--- Supplied records Enclosed Below ---

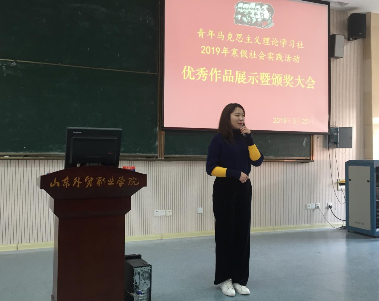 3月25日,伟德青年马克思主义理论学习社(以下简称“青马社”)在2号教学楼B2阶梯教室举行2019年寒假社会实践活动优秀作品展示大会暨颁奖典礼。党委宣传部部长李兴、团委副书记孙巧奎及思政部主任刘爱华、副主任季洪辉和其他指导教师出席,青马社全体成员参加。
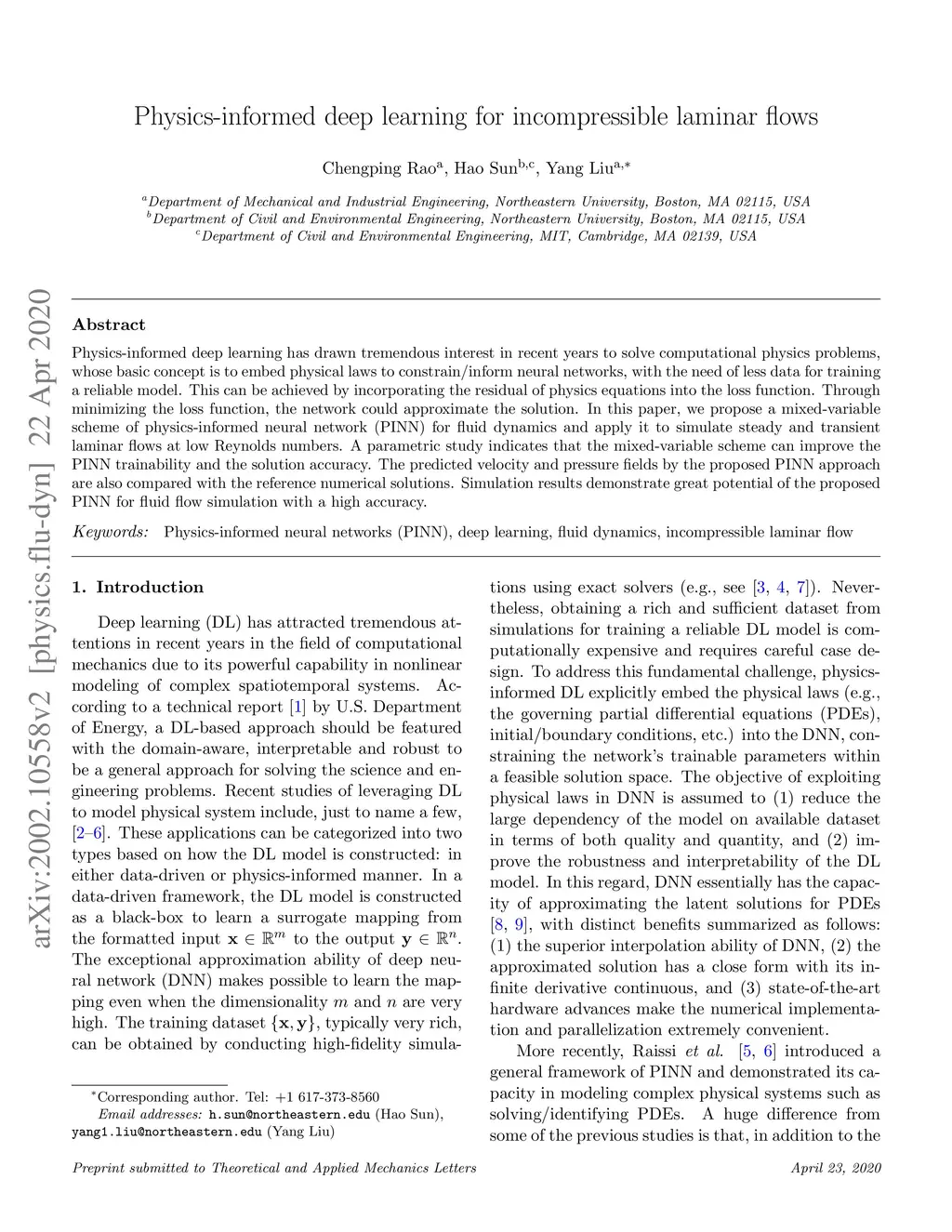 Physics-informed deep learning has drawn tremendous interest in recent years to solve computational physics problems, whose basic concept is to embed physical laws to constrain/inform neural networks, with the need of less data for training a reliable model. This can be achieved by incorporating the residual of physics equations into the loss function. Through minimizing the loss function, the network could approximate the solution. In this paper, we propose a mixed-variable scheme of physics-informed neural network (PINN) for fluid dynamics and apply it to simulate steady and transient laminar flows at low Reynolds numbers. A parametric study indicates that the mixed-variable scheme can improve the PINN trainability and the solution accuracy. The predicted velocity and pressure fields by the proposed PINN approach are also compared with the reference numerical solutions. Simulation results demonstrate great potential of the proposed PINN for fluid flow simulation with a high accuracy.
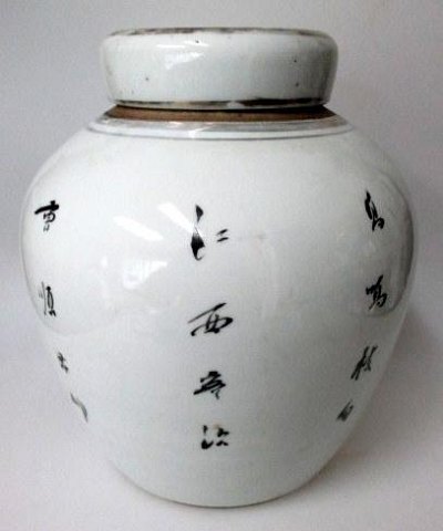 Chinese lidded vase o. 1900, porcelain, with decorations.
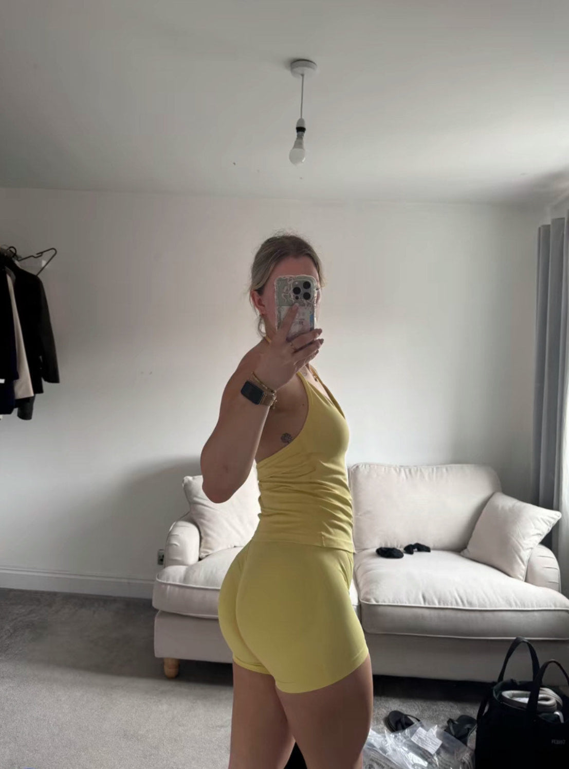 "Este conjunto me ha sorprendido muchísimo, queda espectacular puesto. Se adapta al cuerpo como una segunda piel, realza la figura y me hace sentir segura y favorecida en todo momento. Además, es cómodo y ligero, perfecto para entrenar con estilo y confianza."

--- End of Enclosed Supplied records ---
--- Supplied records Enclosed Below ---

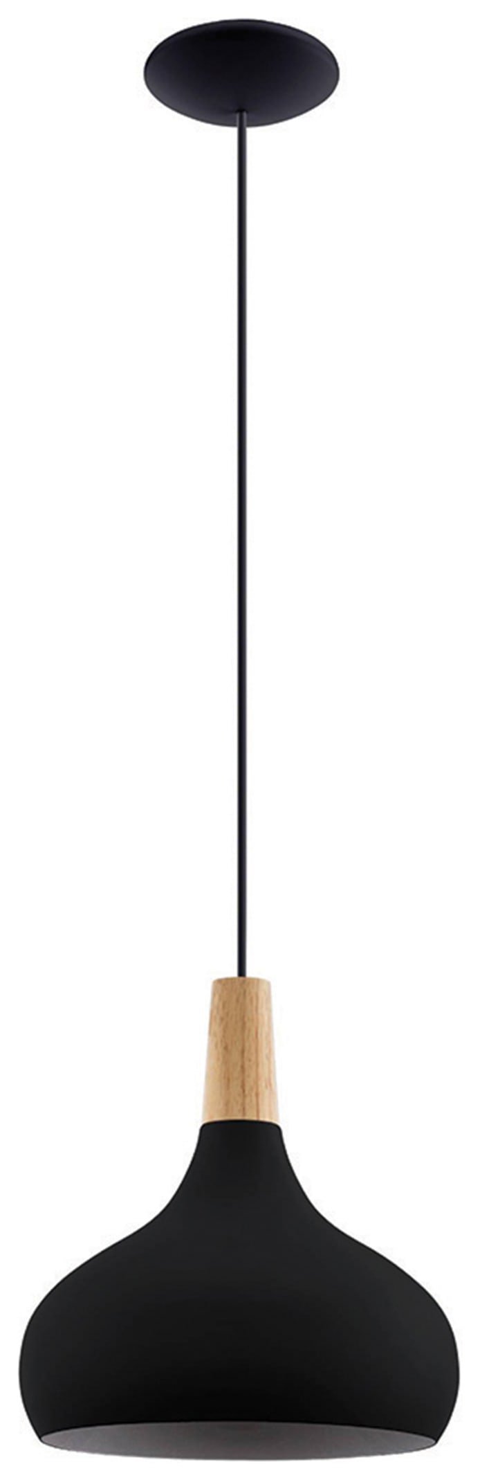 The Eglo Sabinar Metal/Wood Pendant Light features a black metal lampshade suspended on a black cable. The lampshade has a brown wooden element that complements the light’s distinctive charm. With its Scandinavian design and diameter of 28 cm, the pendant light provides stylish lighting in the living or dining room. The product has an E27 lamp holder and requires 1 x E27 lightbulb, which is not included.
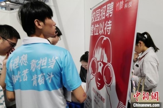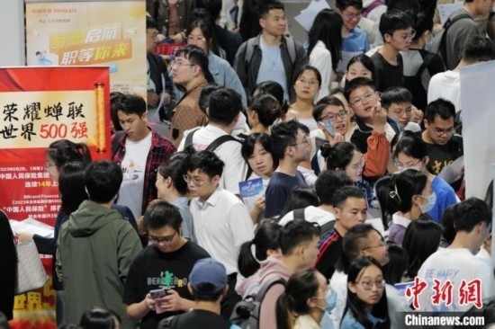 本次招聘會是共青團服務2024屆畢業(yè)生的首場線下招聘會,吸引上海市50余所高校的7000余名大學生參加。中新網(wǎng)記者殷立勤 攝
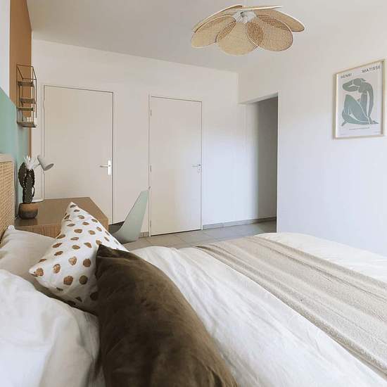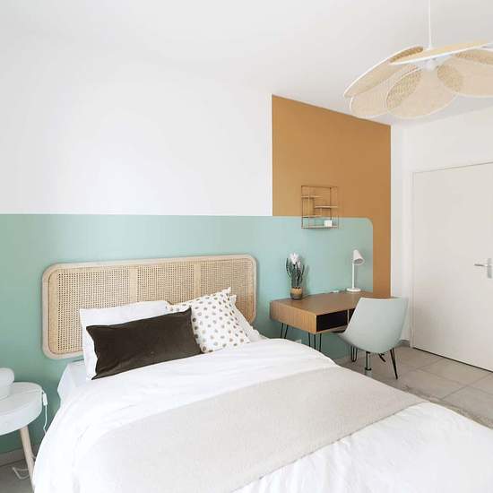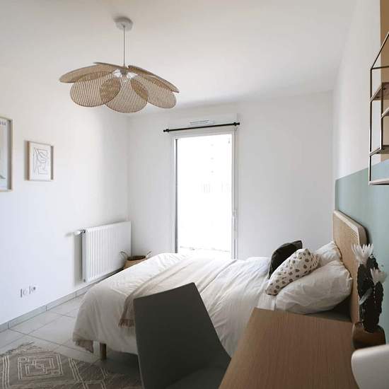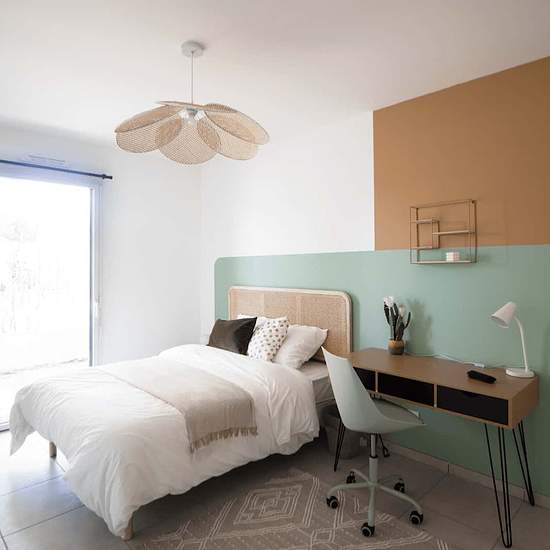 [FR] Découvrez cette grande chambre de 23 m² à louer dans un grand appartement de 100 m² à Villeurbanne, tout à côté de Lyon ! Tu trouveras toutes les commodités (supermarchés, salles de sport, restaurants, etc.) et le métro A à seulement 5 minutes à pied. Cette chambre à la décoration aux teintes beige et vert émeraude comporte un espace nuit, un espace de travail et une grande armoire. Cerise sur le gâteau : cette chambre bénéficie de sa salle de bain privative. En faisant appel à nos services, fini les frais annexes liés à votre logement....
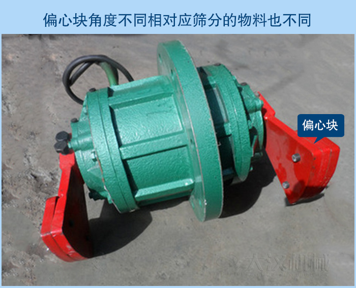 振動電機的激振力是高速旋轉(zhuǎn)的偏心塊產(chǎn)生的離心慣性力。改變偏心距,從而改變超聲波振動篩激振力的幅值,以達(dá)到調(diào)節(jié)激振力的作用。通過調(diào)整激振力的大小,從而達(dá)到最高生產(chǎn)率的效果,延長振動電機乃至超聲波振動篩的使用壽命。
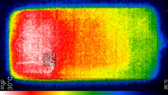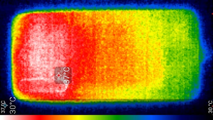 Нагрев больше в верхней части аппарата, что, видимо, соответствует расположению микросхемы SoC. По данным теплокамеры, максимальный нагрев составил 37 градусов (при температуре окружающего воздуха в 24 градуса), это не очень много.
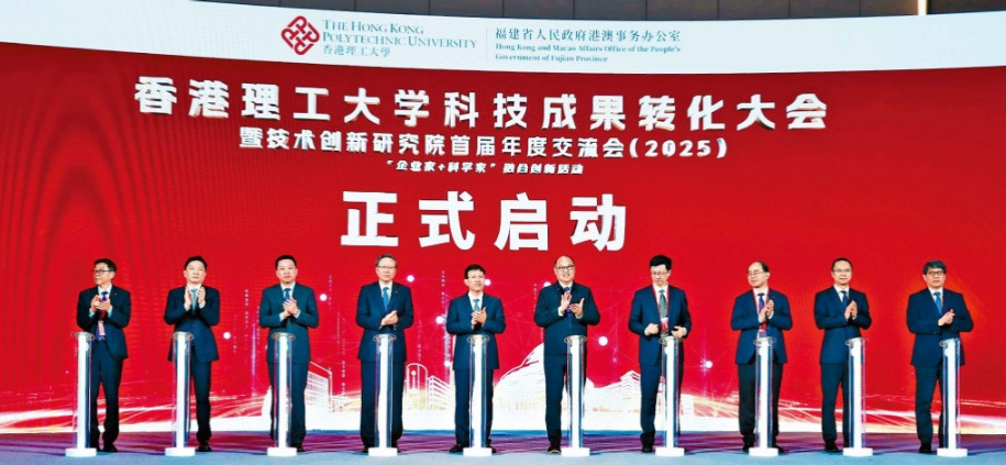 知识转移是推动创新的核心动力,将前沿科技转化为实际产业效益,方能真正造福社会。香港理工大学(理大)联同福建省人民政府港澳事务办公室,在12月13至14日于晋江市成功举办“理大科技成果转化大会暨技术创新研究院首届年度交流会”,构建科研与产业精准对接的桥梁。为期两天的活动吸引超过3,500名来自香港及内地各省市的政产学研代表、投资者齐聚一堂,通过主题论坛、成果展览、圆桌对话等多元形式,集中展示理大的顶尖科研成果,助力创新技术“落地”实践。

--- End of Enclosed Supplied records ---

▸ Exercise directions
Starting at the line with "3月25日,伟德青年马克思主" and finishing at the line with "conjunto me ha", copy the material above exactly, both lines included. Nothing else goes in, and no pictures.

▸ Reply
 3月25日,伟德青年马克思主义理论学习社(以下简称“青马社”)在2号教学楼B2阶梯教室举行2019年寒假社会实践活动优秀作品展示大会暨颁奖典礼。党委宣传部部长李兴、团委副书记孙巧奎及思政部主任刘爱华、副主任季洪辉和其他指导教师出席,青马社全体成员参加。
 Physics-informed deep learning has drawn tremendous interest in recent years to solve computational physics problems, whose basic concept is to embed physical laws to constrain/inform neural networks, with the need of less data for training a reliable model. This can be achieved by incorporating the residual of physics equations into the loss function. Through minimizing the loss function, the network could approximate the solution. In this paper, we propose a mixed-variable scheme of physics-informed neural network (PINN) for fluid dynamics and apply it to simulate steady and transient laminar flows at low Reynolds numbers. A parametric study indicates that the mixed-variable scheme can improve the PINN trainability and the solution accuracy. The predicted velocity and pressure fields by the proposed PINN approach are also compared with the reference numerical solutions. Simulation results demonstrate great potential of the proposed PINN for fluid flow simulation with a high accuracy.
 Chinese lidded vase o. 1900, porcelain, with decorations.
 "Este conjunto me ha sorprendido muchísimo, queda espectacular puesto. Se adapta al cuerpo como una segunda piel, realza la figura y me hace sentir segura y favorecida en todo momento. Además, es cómodo y ligero, perfecto para entrenar con estilo y confianza."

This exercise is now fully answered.